Stored records:
○ ○ ○ ○ ○

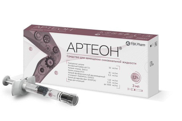 Вязкоэластичные свойства гиалуроновой кислоты, входящей в состав синовиальной жидкости, обеспечивают смазывание и амортизацию суставных поверхностей. Синовиальная жидкость в суставах при дегенеративных заболеваниях (остеоартроз) или травматических изменениях суставов имеет более низкую вязкость и эластичность, чем в здоровых суставах. Гиалуроновая кислота, входящая в состав Средства АРТЕОН® (ARTEON®), имеет молекулярную массу 2,2 млн дальтон, близкую к естественной гиалуроновой кислоте человека, и оказывает положительный эффект после введения при диагнозе «остеоартроз» («остеоартрит»).
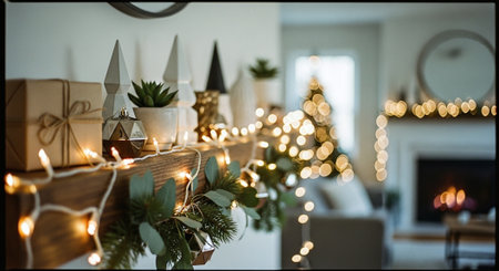 A cozy holiday scene featuring a decorated mantel with wrapped gifts, candles, and a small Christmas tree being adorned with an ornament
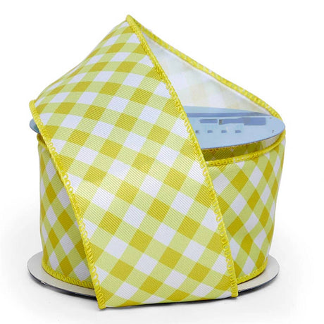 Bright Gingham Wired Ribbon 2 1/2 '' x 10 yd Lime Color 1 / ROLL
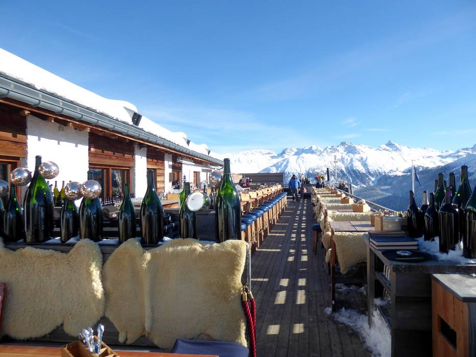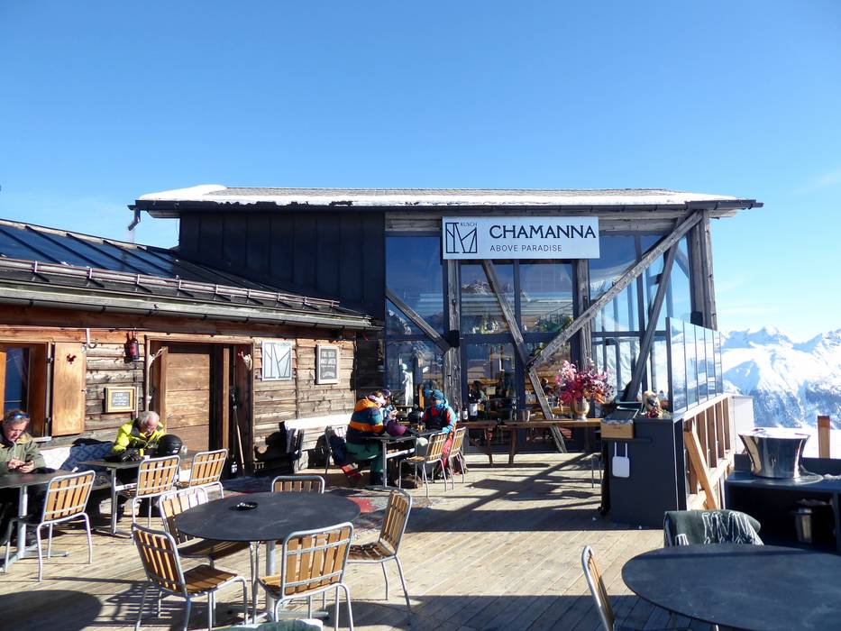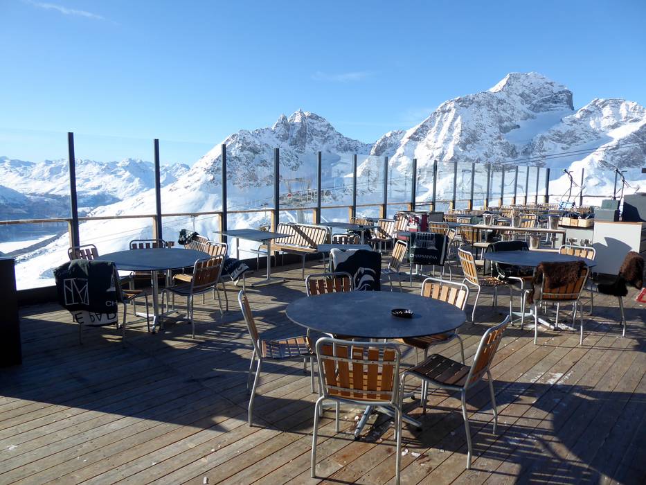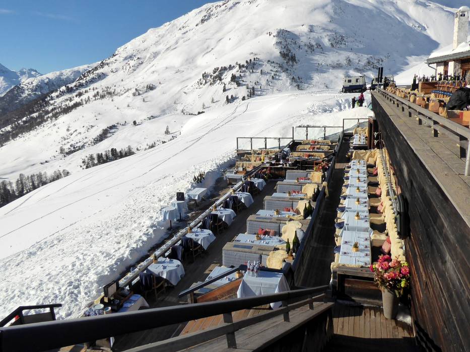 Gourmetrestaurant der höheren Preisklasse mit atemberaubenden Blick auf die Engadiner Berge. Die Sonnenterrasse und eine Bar laden die Gäste des Mountain Clubs zum Verweilen ein. Die Champagner- und Weinkarte lässt keine Wünsche offen.
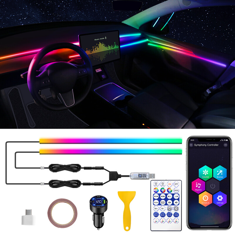 VGETTING Bande LED intérieure avec port USB/Type C, éclairage ambiant néon RGB 2-en-1 280 cm avec synchronisation musicale dynamique
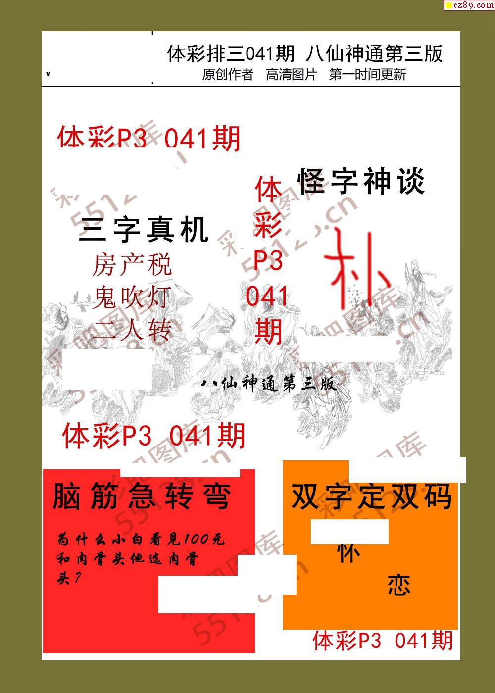 首页 > 排列3图谜 > 八仙神通系列041期体彩p3图迷

○ ○ ○ ○ ○

■ What you should do: Pictures stay out. Repeat only the lines from the beginning of the data through the line that has "Bright Gingham Wired".

■ Output for this exercise:
 Вязкоэластичные свойства гиалуроновой кислоты, входящей в состав синовиальной жидкости, обеспечивают смазывание и амортизацию суставных поверхностей. Синовиальная жидкость в суставах при дегенеративных заболеваниях (остеоартроз) или травматических изменениях суставов имеет более низкую вязкость и эластичность, чем в здоровых суставах. Гиалуроновая кислота, входящая в состав Средства АРТЕОН® (ARTEON®), имеет молекулярную массу 2,2 млн дальтон, близкую к естественной гиалуроновой кислоте человека, и оказывает положительный эффект после введения при диагнозе «остеоартроз» («остеоартрит»).
 A cozy holiday scene featuring a decorated mantel with wrapped gifts, candles, and a small Christmas tree being adorned with an ornament
 Bright Gingham Wired Ribbon 2 1/2 '' x 10 yd Lime Color 1 / ROLL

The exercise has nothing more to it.